Ministro da CGU diz que a burocracia no país ajuda a esconder a corrupção

Por: Osvaldo Lyra, Fernanda Chagas e Fernando Duarte


Ministro da Controladoria Geral da União, o baiano Jorge Hage exerce uma das funções imprescindíveis para a democracia. Ele é responsável por fiscalizar repasses para estados, municípios e ONG’s de recursos federais, por meio de financiamentos ou por programas como o Minha Casa, Minha Vida, o Bolsa Família e o ProUni. Para efetivar sua atividade, entretanto, Hage apresenta uma fórmula: a participação da população.

Para ele, outro problema que deve ser levado em consideração é o excesso de burocracia, que, segundo ele, “ajuda a maquiar a corrupção”. “Ajuda não só a maquiar, ajuda também na criação de dificuldade para obter facilidade. Então, a simplificação da burocracia é também muito importante”.

O ministro se posiciona ainda contrário à PEC 37, que limita os poderes de investigação do Ministério Público, e acredita numa evolução considerável no combate à corrupção.

Tribuna – Casos de corrupção sempre existiram no Brasil. O que mudou ao longo dos últimos anos?
Jorge Hage – Sem dúvida, aumentou a fiscalização por parte da Controladoria e aumentou a investigação por parte da polícia e do Ministério Público.

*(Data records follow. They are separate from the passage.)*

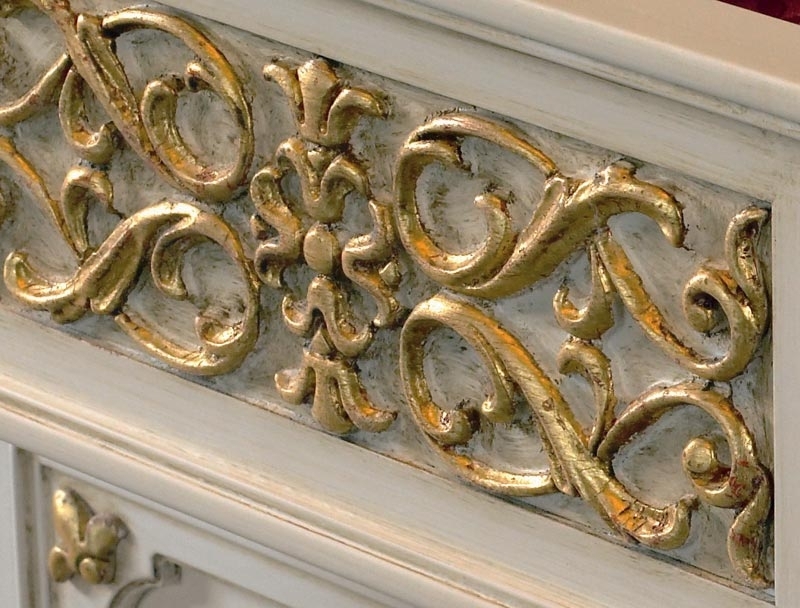 La laccatura è impreziosita da una patinatura che dona all'intera struttura il fascino di tempi passati. Le lavorazioni particolari sono evidenziati da foglia oro che sottolinea l'affascinante aspetto di un intaglio di altissimo valore.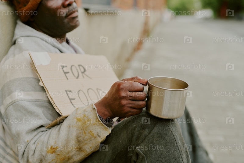 Бездомный чернокожий мужчина сидит на тротуаре, держит чашку и ищет продовольственную поддержку
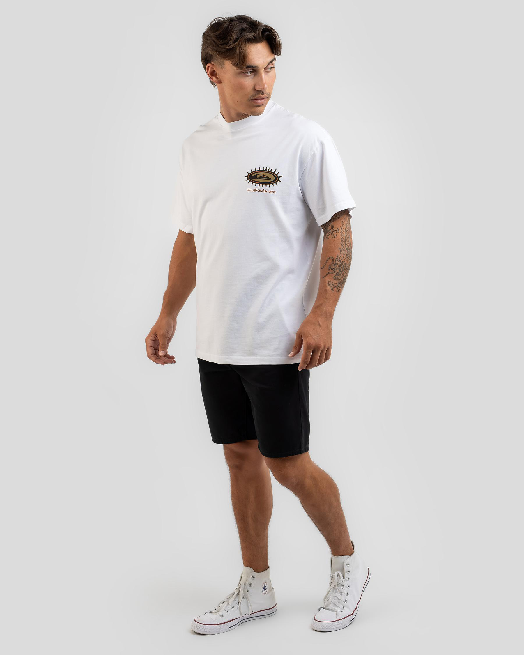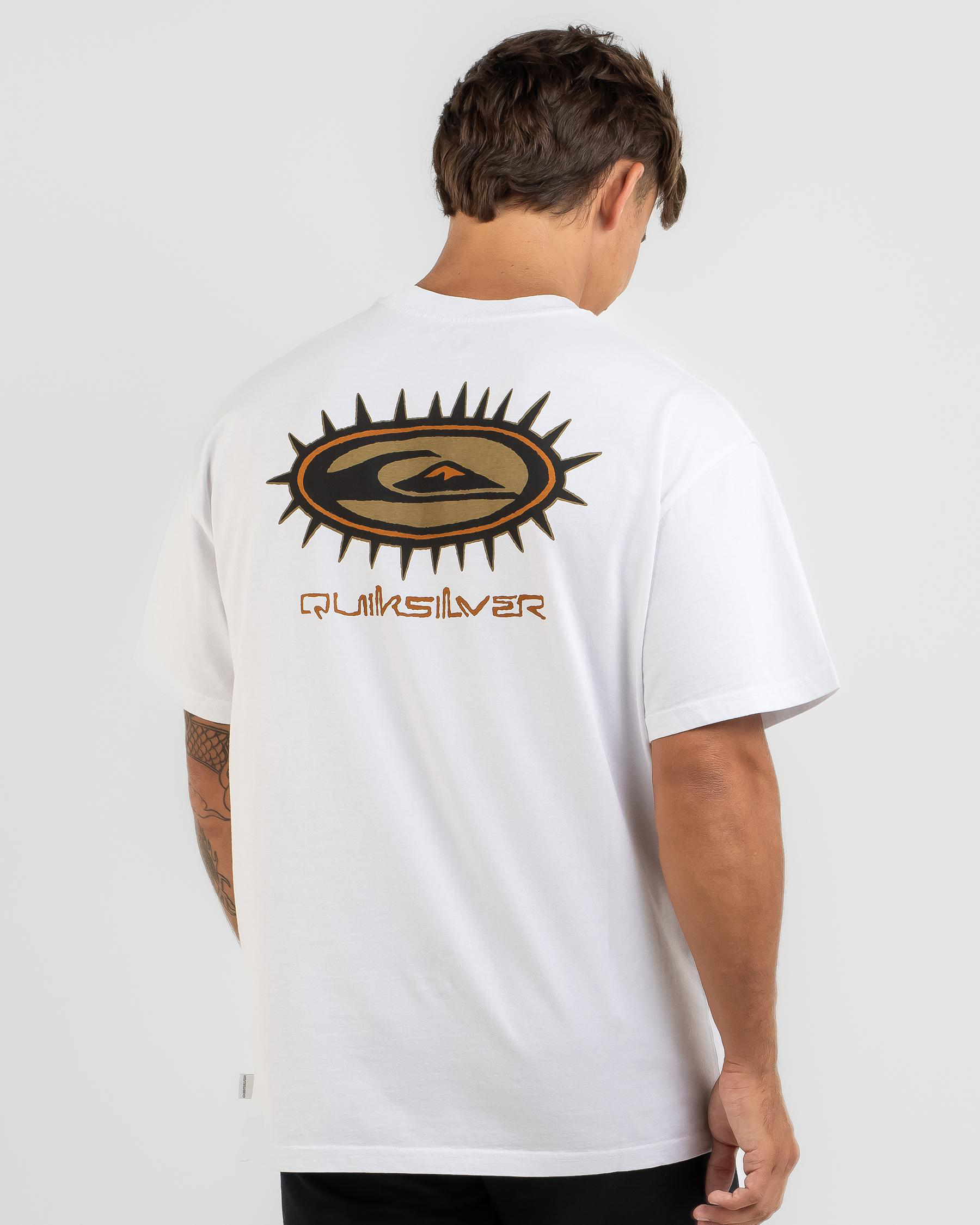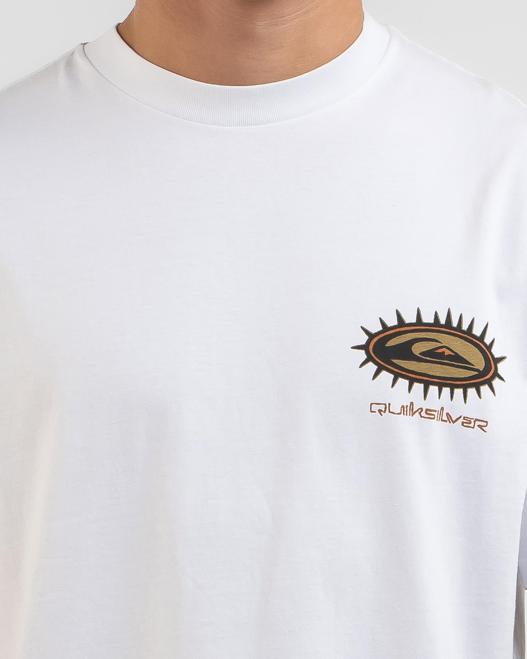 The Quiksilver Mongrel Spikey T-Shirt in Grape Leaf is a vibrant addition to your wardrobe, featuring a unique spikey design.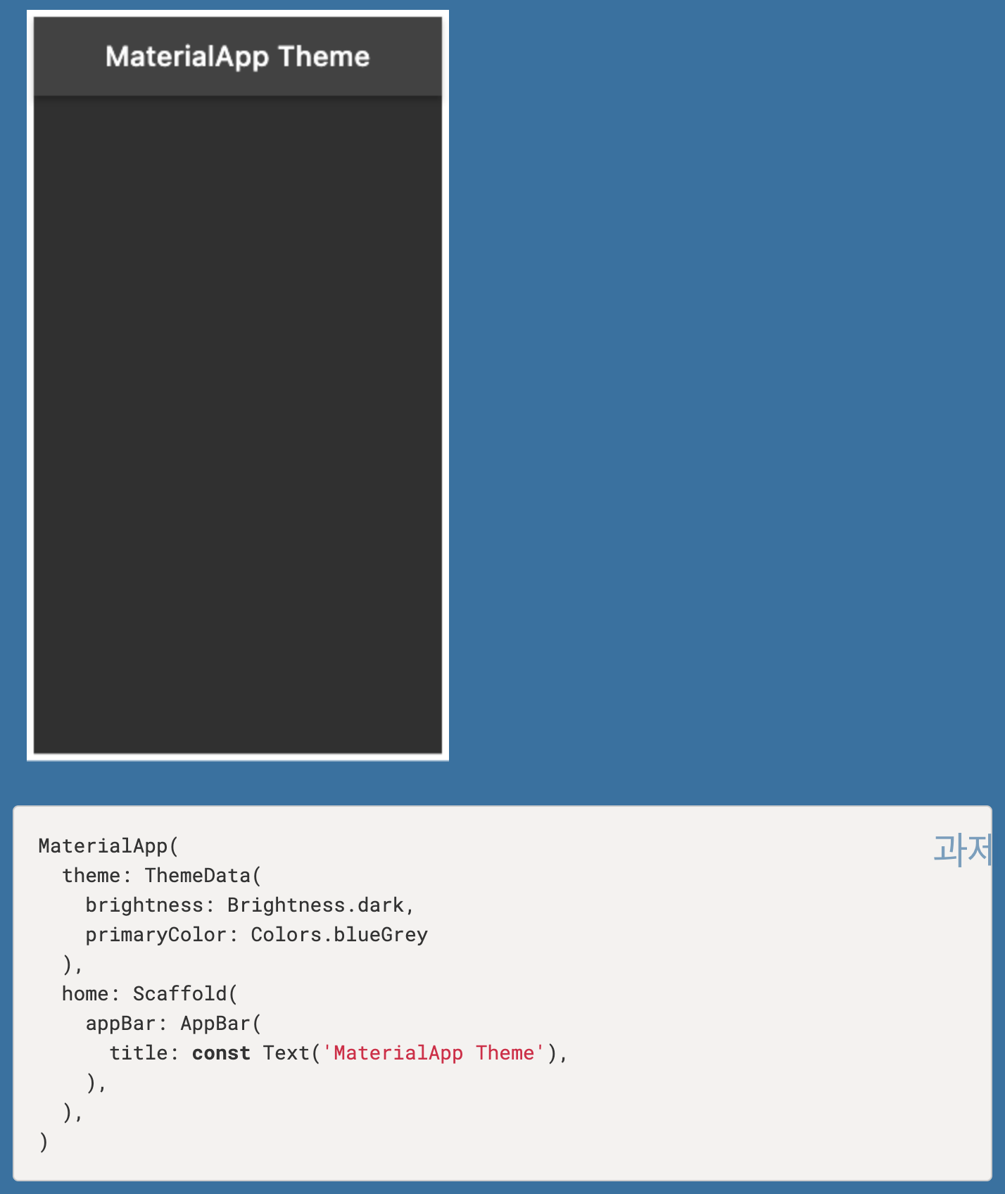 AnimatedTheme 및 GridPaper 와 같은 머티리얼 디자인 관련 기능을 추가 하여 WidgetsApp 을 기반으로 한다.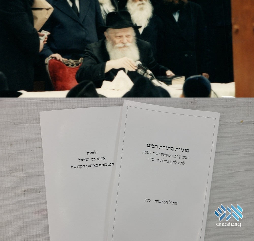 A Kovetz was put together in collaboration with Mashpiim in the Yeshiva with some of the Rebbe’s Sichos and Maamorim on this subject, and is available for purchase in 770.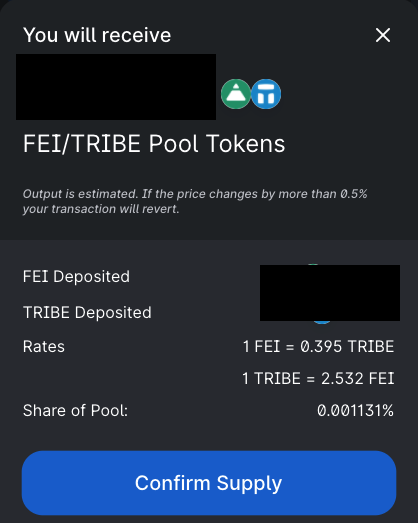 아래 사이트에서 Fei와 tribe를 가지고 Uniswap LP를 신청합니다.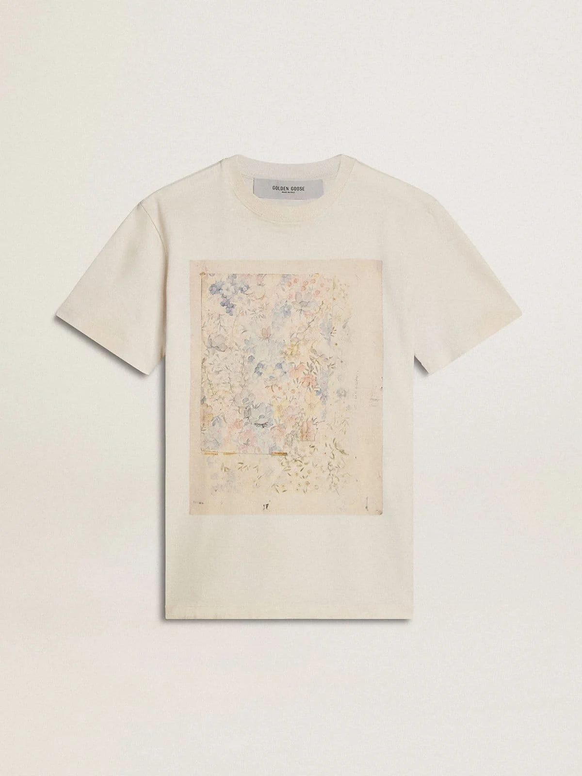 Inspired by the iconic Seventies, the carefree spirit of that era comes to life with the first drop of our Fall/Winter 25 collection. This regular-fit white T-shirt features a front print with a multicolor floral pattern. The double star on the back adds the finishing touch. DETAILS Item No. GWP01220.P002119.11788 - Journey Collection - Color: white - Regular fit - Multicolor floral print on the front - Main material: 100% cotton - Made in Italy The model is 177 cm tall and is wearing a size S.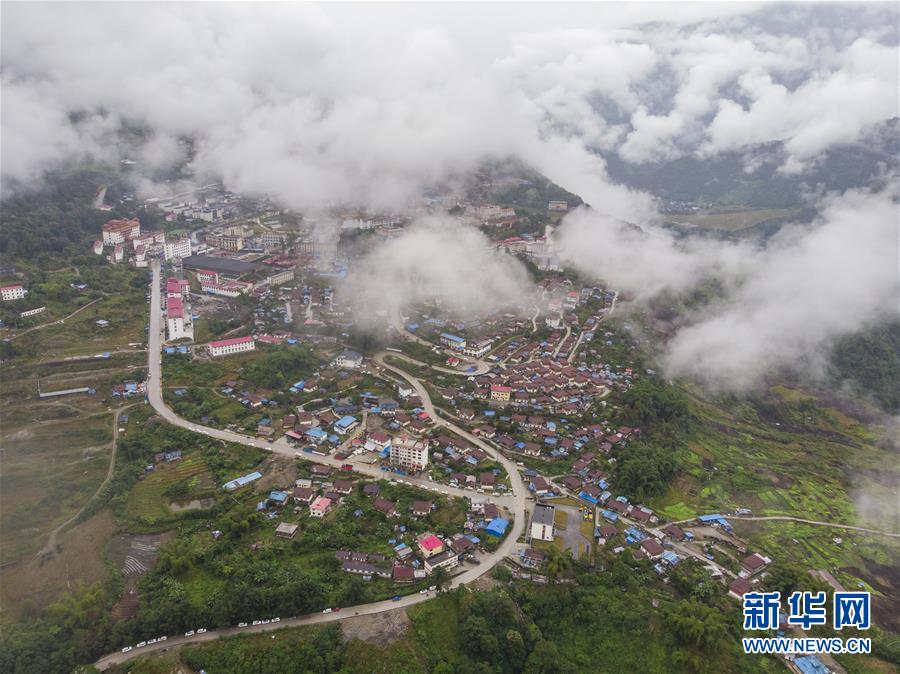 這是云?;\罩的西藏墨脫縣(4月9日無人機(jī)拍攝)。新華社記者李鑫攝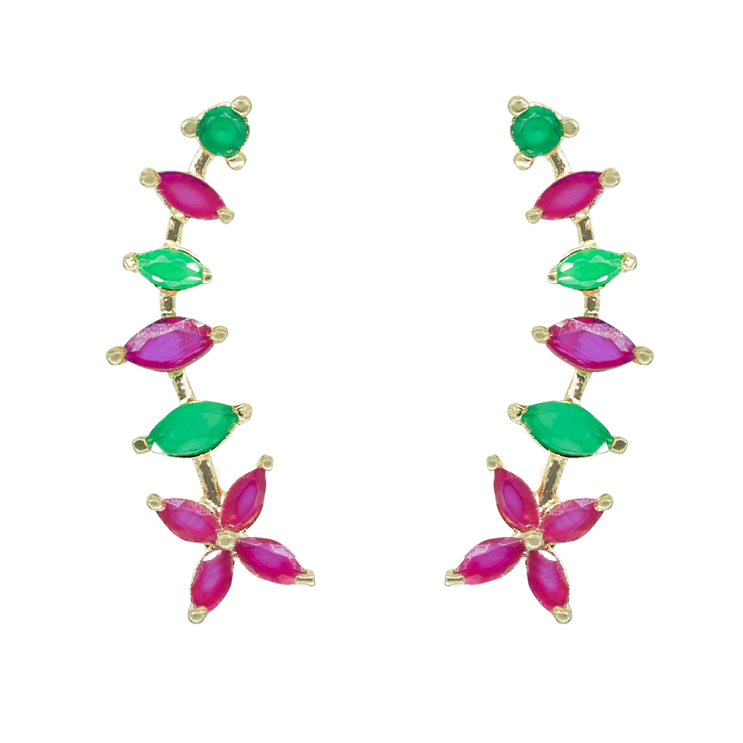 Bring color and elegance to your ear stack with TAVSHAN’s 925 Sterling Silver Gold-Plated Ear Cuff, beautifully set with green and pink CZ stones.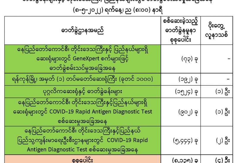 ကျန်းမာရေးဝန်ကြီးဌာနအနေဖြင့် နိုင်ငံအတွင်း ကူးစက်ဖြစ်ပွားနေသော COVID-19 ရောဂါ ကာကွယ်၊ ကုသ၊ ထိန်းချုပ်ရေးလုပ်ငန်းများကို အရှိန်အဟုန်မြှင့်ဆောင်ရွက်လျက်ရှိရာ ရောဂါ ထိန်း ချုပ်ရေးလုပ်ငန်းများ အောင်မြင်နိုင်ရေးအတွက် ပြည်သူလူထုအနေဖြင့် ကျန်းမာရေးဝန်ကြီးဌာနမှ ထုတ်ပြန်ထားသော COVID-19 ရောဂါကာကွယ်ထိန်းချုပ်ရေးဆိုင်ရာ စည်းကမ်းများကို စနစ်တကျ လိုက်နာဆောင်ရွက်ရန် လိုအပ်ပြီး COVID-19 ကာကွယ်ဆေးထိုးနှံမှုခံယူခြင်းအား အထူးဂရုပြု ပူးပေါင်း ဆောင်ရွက်ကြရန် လိုအပ်ပါသည်။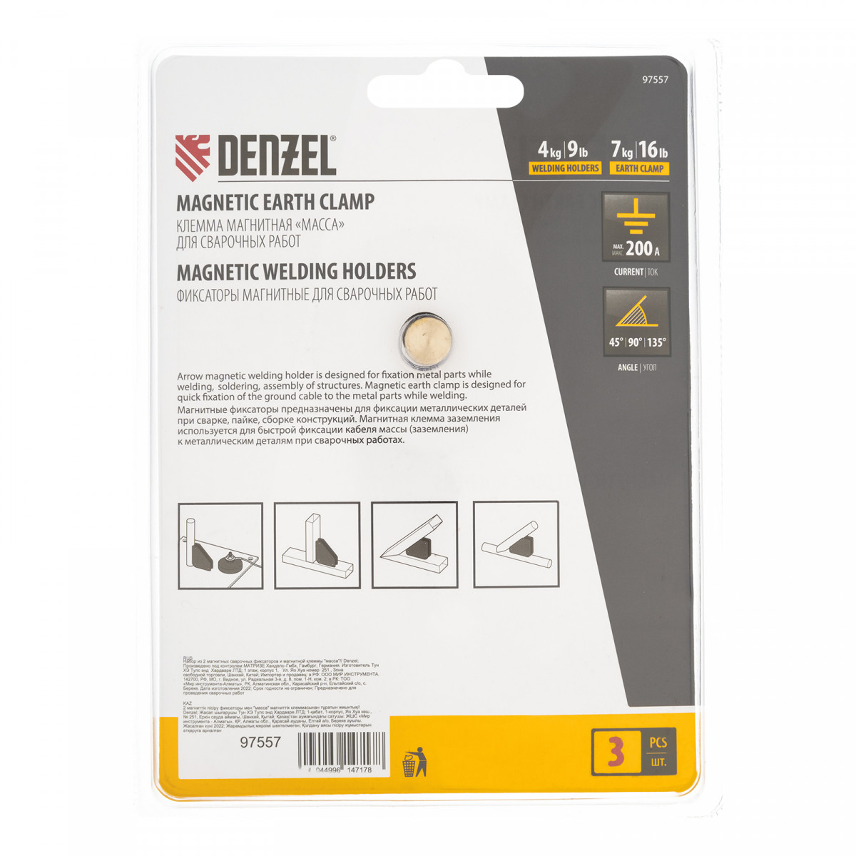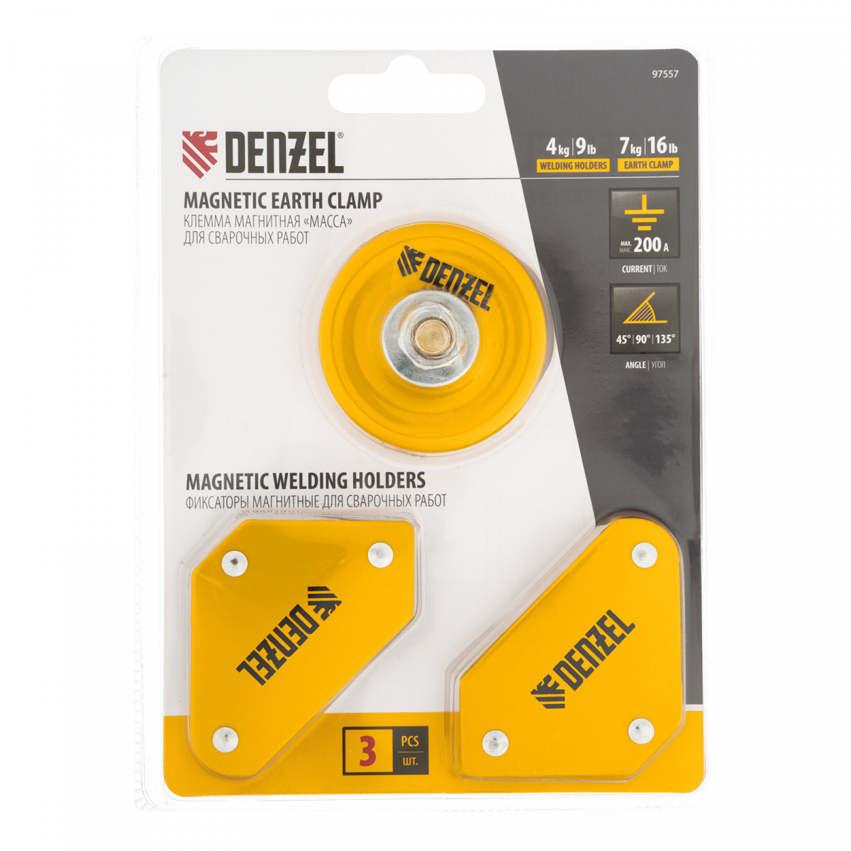 Набор из 2 магнитных сварочных фиксаторов и магнитной клеммы "масса" Denzel

E esses três órgãos passaram a trabalhar em conjunto, de modo articulado. Então, a sucessão de operações da Polícia Federal contra a corrupção que se iniciou no governo do presidente Lula, partindo dos relatórios de auditorias da CGU, em alguns casos partindo de um inquérito policial, quando a polícia então pedia à Controladoria que fizesse uma auditoria para confirmar as fraudes nos contratos ou nas licitações, iniciando-se com uma investigação no Ministério Público em uma terceira hipótese. Todas essas formas de colaboração vêm dando um resultado extraordinário em matéria de descoberta dos casos, da divulgação dos casos, e é isso que tem aumentado no Brasil. Ao lado disso, ainda temos o Coaf, que é o Conselho de Controle de Atividades Financeiras, unidade de inteligência financeira do sistema brasileiro, que hoje está articulada com o sistema internacional do Gafi, em busca de identificação de casos de corrupção e de lavagem de dinheiro. Pela legislação específica, os bancos têm obrigação de comunicar aquelas operações suspeitas, que representem saques de quantias maiores, que representem transações fora do perfil normal daquele correntista, isso também, pagamentos em espécie na compra de imóveis. Tudo isso tem aprimorado a engrenagem de controle e de detecção de casos, o que tem contribuído para que o Brasil comece realmente a enfrentar o problema da corrupção, que é um problema mundial.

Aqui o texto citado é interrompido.